Almost three in four LGBT teenagers in Ireland have had suicidal thoughts, while one-third have attempted suicide, a major new report has revealed.
According to the LGBTI (lesbian, gay, bisexual, transgender and intersex) Ireland Report, while the majority of LGBTI people over the age of 26 report good self-esteem and are doing well, the same cannot be said for younger people.
This marks the largest study every undertaken into the mental health and wellbeing of LGBTI people in Ireland and it revealed that among those aged 14-18 years, seven in 10 have had suicidal thoughts, one in three have attempted suicide and almost six in 10 have self-harmed.
Odhrán Allen of GLEN (Gay and Lesbian Equality Network) described some of the findings as ‘harrowing'. He noted that as well as increased self-harm and a higher suicide risk, there were also ‘worrying levels of severe stress, anxiety and depression' among some LGBTI people and he said that it is clear that stigma, rejection and discrimination are ‘still a reality for many'.

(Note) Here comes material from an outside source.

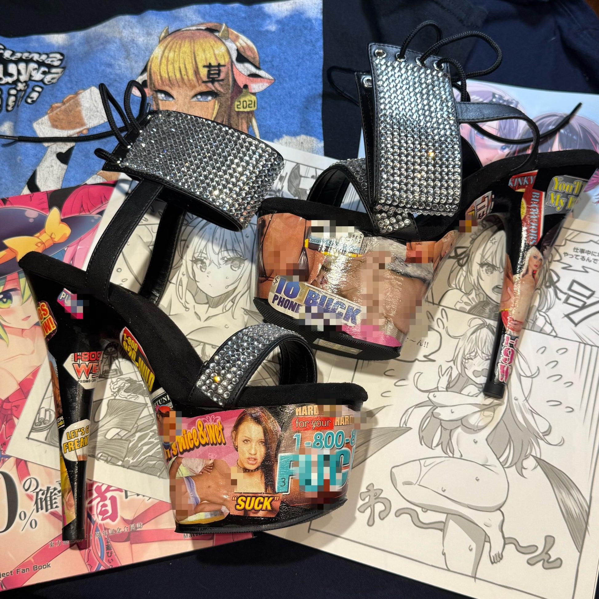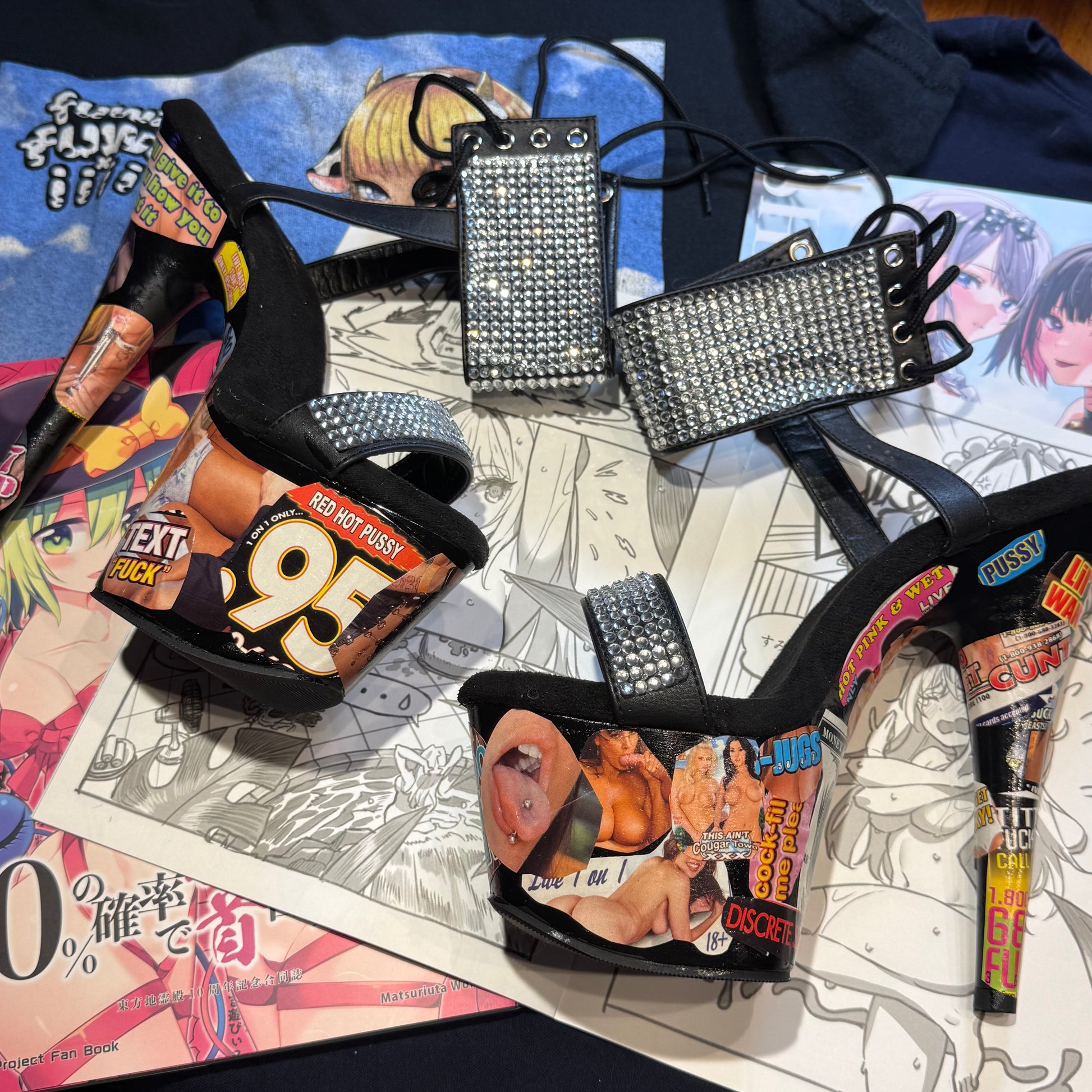 platform heels made from a real, vintage 18+ adult magazine. very naughty. very inappropriate. very adult. and we love it.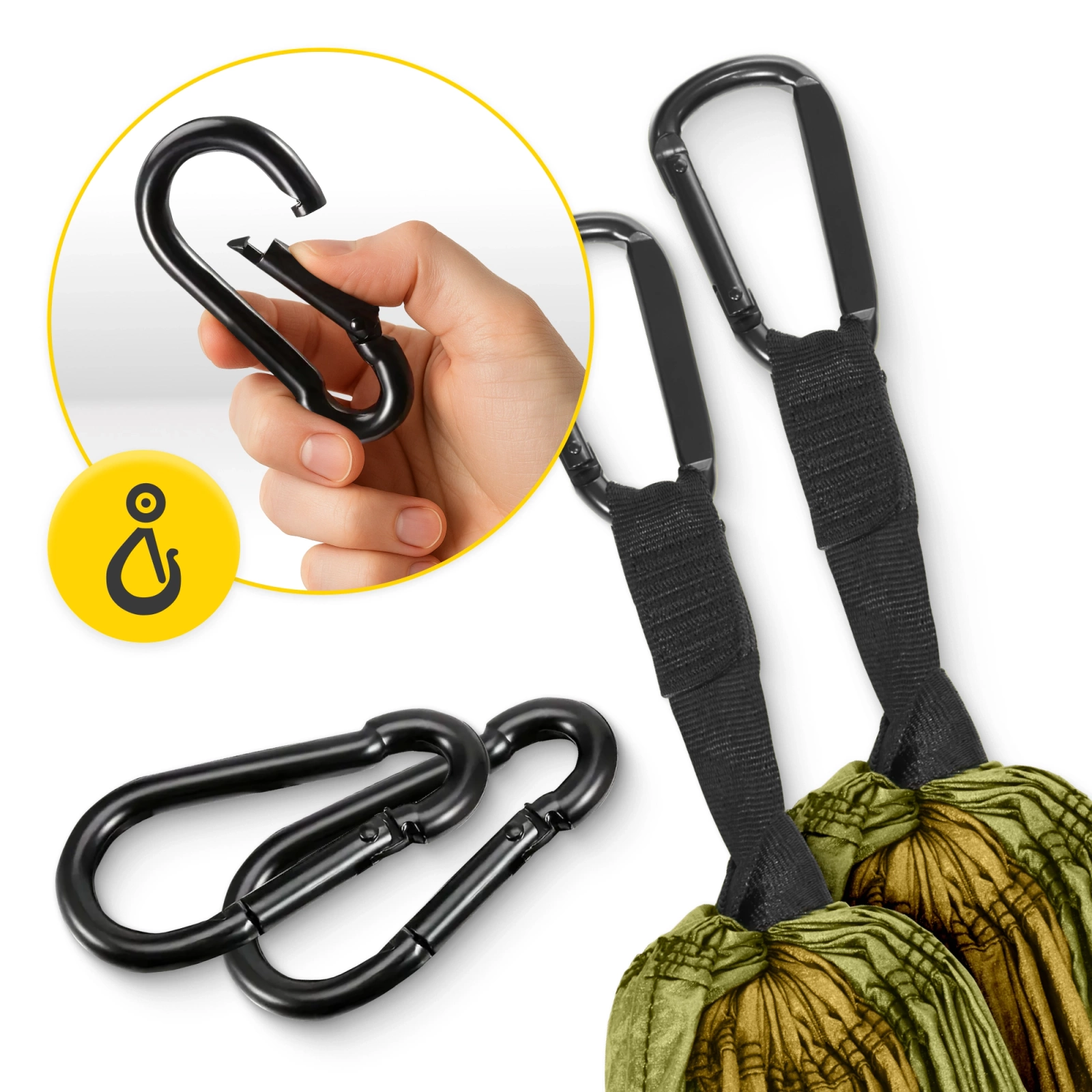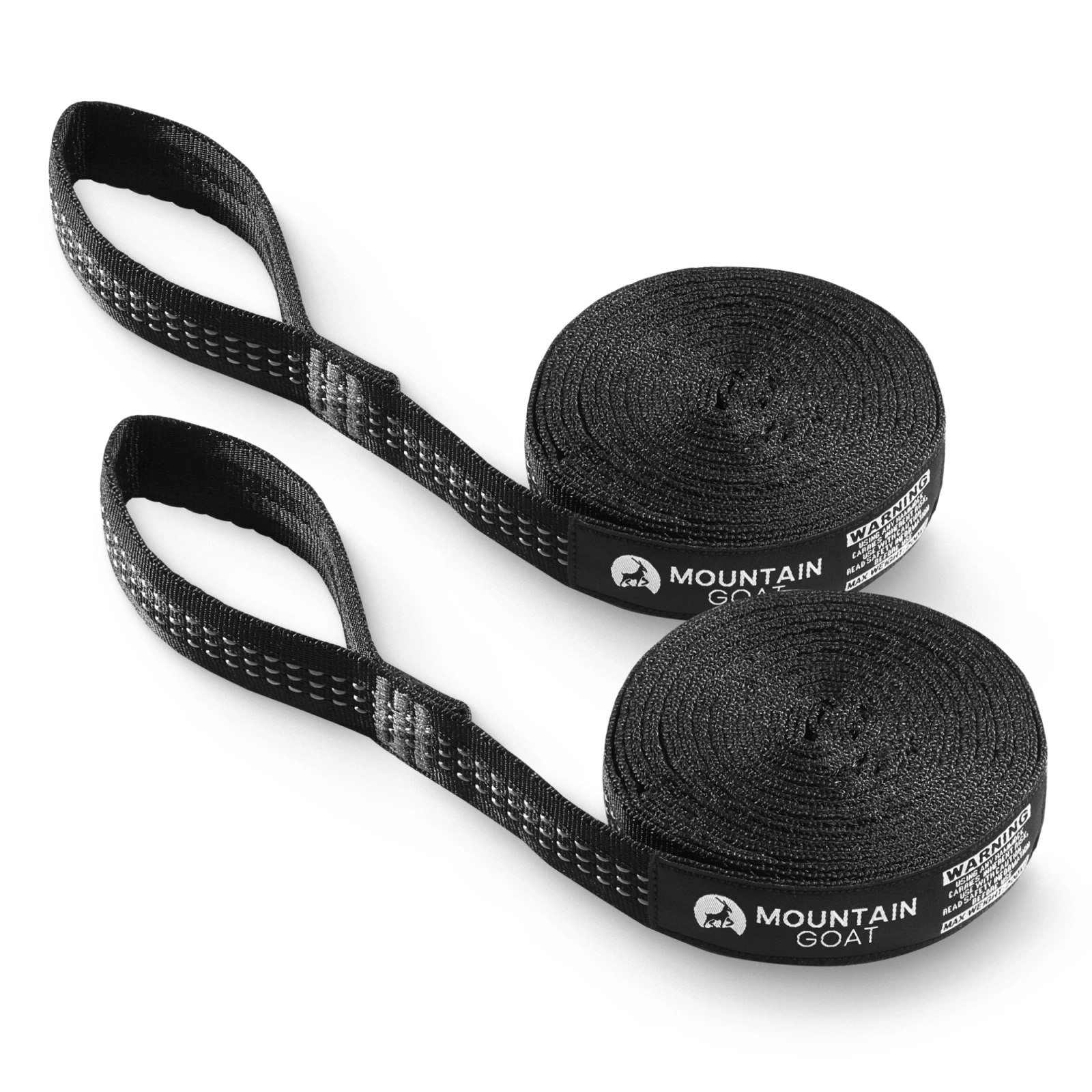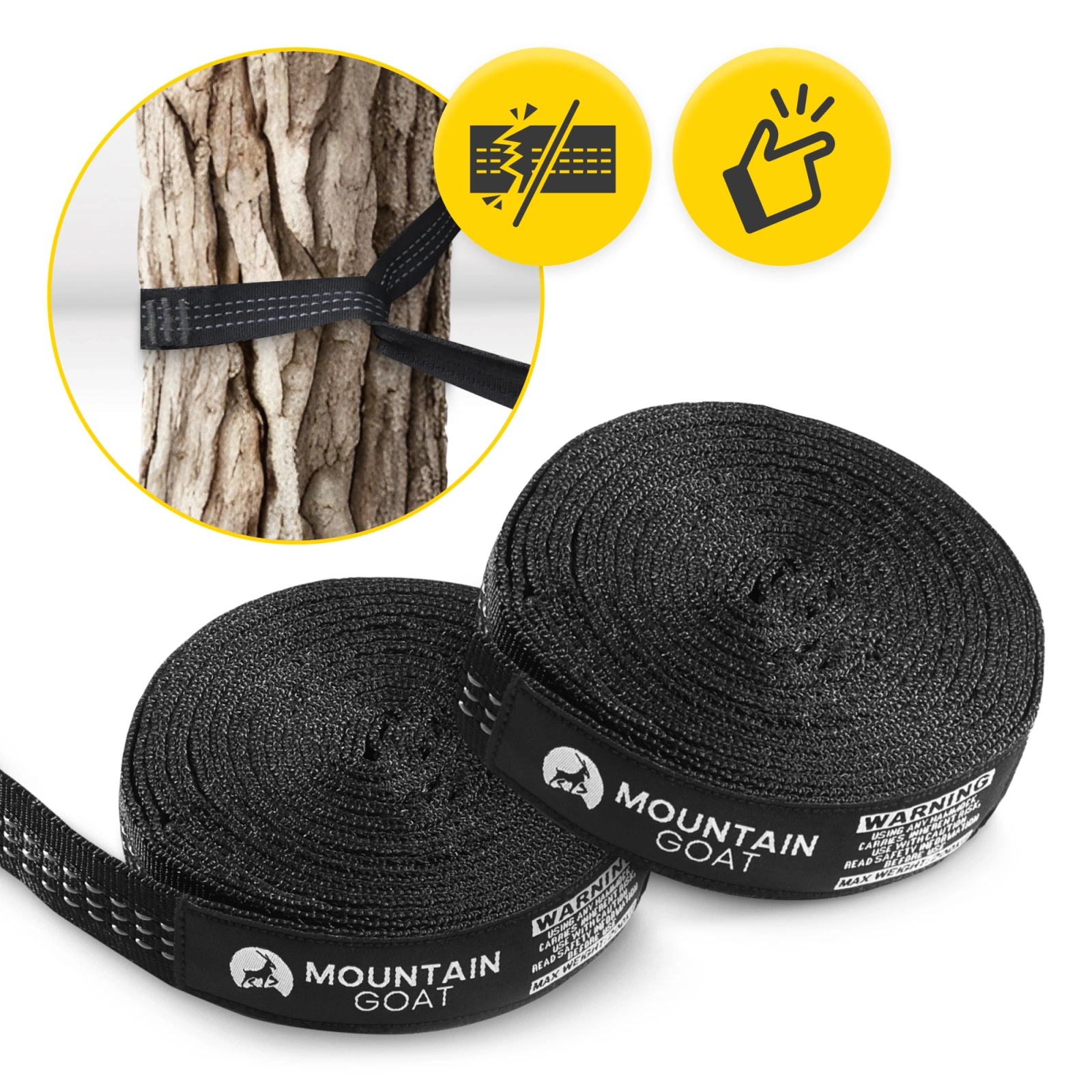 Houpací síť MOUNTAIN GOAT lze snadno zavěsit a upevnit díky 2 přiloženým lanům, vázacím popruhům a 2 karabinám.

However, he emphasised that being LGBTI in itself does not increase the risk of poor mental health, ‘it's the experience of being bullied, being rejected or being harassed because you are LGBTI that leads to higher levels of self-harm and attempted suicide'.
The report noted that within the school setting, 67% had witnessed bullying of other LGBTI students in their school, while 50% had experienced anti-LGBTI bullying themselves. One in four had considered leaving school early and one in 20 did quit school.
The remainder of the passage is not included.